There is no doubt of the correctness of respondent's contention that the statutory life estate of H. C. Ogletree, in the nature of an estate by the curtesy, has vested in respondent Shannon by virtue of the statutory warranty found in the mortgage executed by him jointly with his wife. Blakeslee v. Mobile L. I. Co., 57 Ala. 205; Chapman v. Abrahams, 61 Ala. 108; Jones v. Reese, 65 Ala. 143. The case of Vary v. Smith, 162 Ala. 457, 50 So. 187, deals with a deed wherein only the interest of the grantor was in terms conveyed, and is to be distinguished from cases like the present where the land itself is conveyed without restriction.

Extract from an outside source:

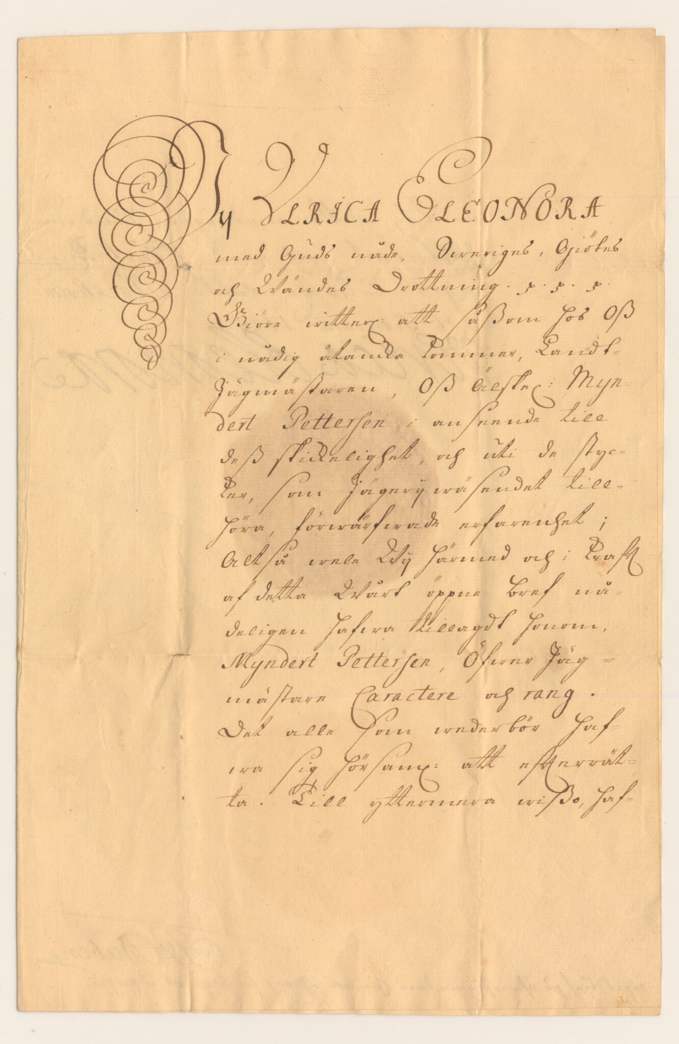 2. Öppet brev, Myndert Petterssen, 1720-02-27, Ulrika Eleonora d y, 01.

If the allegation of the bill is true that Mrs. Ogletree, the mother of complainants, executed the mortgage to secure the individual debt of her husband, the mortgage was a nullity as to her half interest in the lands. It does not appear that she received any part of the consideration stated, and there is no room for the application of the rule requiring complainants who seek equity to also do equity, even if it could otherwise be applied.

The demurrers were properly overruled, and the decree will therefore be affirmed.


ANDERSON, C. J., and MAYFIELD and THOMAS, JJ., concur.